- _Recorded data_
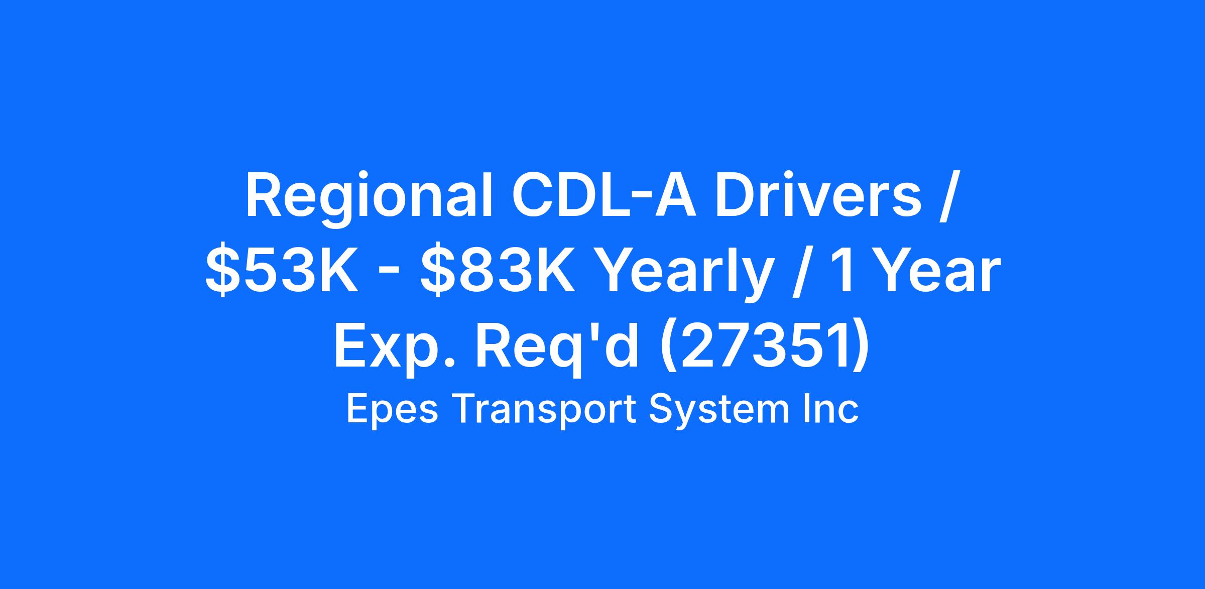 Regional CDL-A Company Driver JobsNew Pay Increase & Weekly Home Time WHAT WE OFFER OUR DRIVERS:Drivers can earn $53,000 - $83,000 a year (based on experience)Benefits Start After 30 DaysHealth, Dental, And Vision Insurance (Free Onsite Clinic)Matching 401K, Life Insurance, And Optional Disability PlanHoliday And Vacation PayAwards Programs: Service, Appreciation, Roadside Inspection, Safe-DrivingTop Achiever ProgramRider ProgramPet PolicyPaid 1.5 day OrientationSpousal Support ProgramScholarship FundCredit UnionDirect Deposit Requirements:At least 21 years old1 year verifiable experience within the last 3 years or 2 within the last 5Stable work history About Us:Epes Transport started business in 1931 in Blackstone, Virginia. Originally known as 'The Transport Company' it began as a family owned business and continued that way for over 55 years. Epes Transport was purchased in September, 1987 by Epes Carriers, Inc. a newly established holding company owned by A.M. Bodford. In July 2013, Greensboro, NC based Epes Transport merged with their sister company Texas Star Express located in Rockwall, TX. In July 2018 Epes was acquired by Penske Logistics. Epes Transport has a 48 state authority and our major transportation markets include the Eastern one-half (1/2) of the United States. Epes has a fleet of over 1400 power units.Epes Transport System is an Equal Opportunity Employer. All qualified applicants will receive consideration for employment without regard to sex, gender identity, sexual orientation, race, color, religion, national origin, disability, protected Veteran status, age, or any other characteristic protected by applicable law.
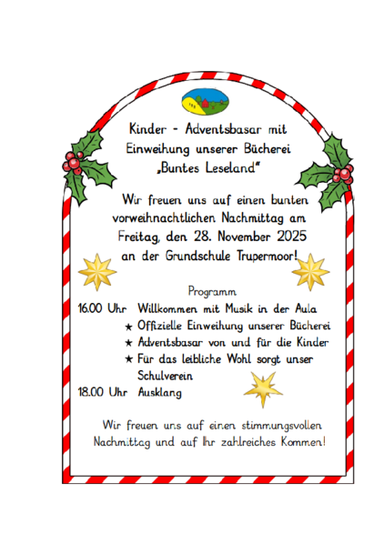 Für die kommenden Festtage wünscht die Grundschule Trupermoor ...
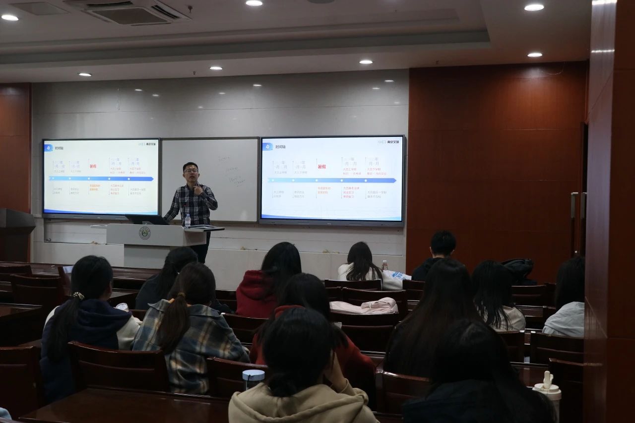 接着,陈总监又从“暑假如何申请实习,为大四简历增加实习经历,助力更好就业”入手,向同学们耐心讲述了暑假应该如何安排时间以及做好规划的问题,强调了暑假作为实现弯道超车节点的重要性。同时希望同学们利用假期时间积极了解意向岗位需求,快速补足岗位所需技术,为上岸做好充分准备。

- _Exercise goal_
With every picture omitted, write out the material exactly from its first line through the line containing "Für die kommenden".

- _Answer section_
 Regional CDL-A Company Driver JobsNew Pay Increase & Weekly Home Time WHAT WE OFFER OUR DRIVERS:Drivers can earn $53,000 - $83,000 a year (based on experience)Benefits Start After 30 DaysHealth, Dental, And Vision Insurance (Free Onsite Clinic)Matching 401K, Life Insurance, And Optional Disability PlanHoliday And Vacation PayAwards Programs: Service, Appreciation, Roadside Inspection, Safe-DrivingTop Achiever ProgramRider ProgramPet PolicyPaid 1.5 day OrientationSpousal Support ProgramScholarship FundCredit UnionDirect Deposit Requirements:At least 21 years old1 year verifiable experience within the last 3 years or 2 within the last 5Stable work history About Us:Epes Transport started business in 1931 in Blackstone, Virginia. Originally known as 'The Transport Company' it began as a family owned business and continued that way for over 55 years. Epes Transport was purchased in September, 1987 by Epes Carriers, Inc. a newly established holding company owned by A.M. Bodford. In July 2013, Greensboro, NC based Epes Transport merged with their sister company Texas Star Express located in Rockwall, TX. In July 2018 Epes was acquired by Penske Logistics. Epes Transport has a 48 state authority and our major transportation markets include the Eastern one-half (1/2) of the United States. Epes has a fleet of over 1400 power units.Epes Transport System is an Equal Opportunity Employer. All qualified applicants will receive consideration for employment without regard to sex, gender identity, sexual orientation, race, color, religion, national origin, disability, protected Veteran status, age, or any other characteristic protected by applicable law.
 Für die kommenden Festtage wünscht die Grundschule Trupermoor ...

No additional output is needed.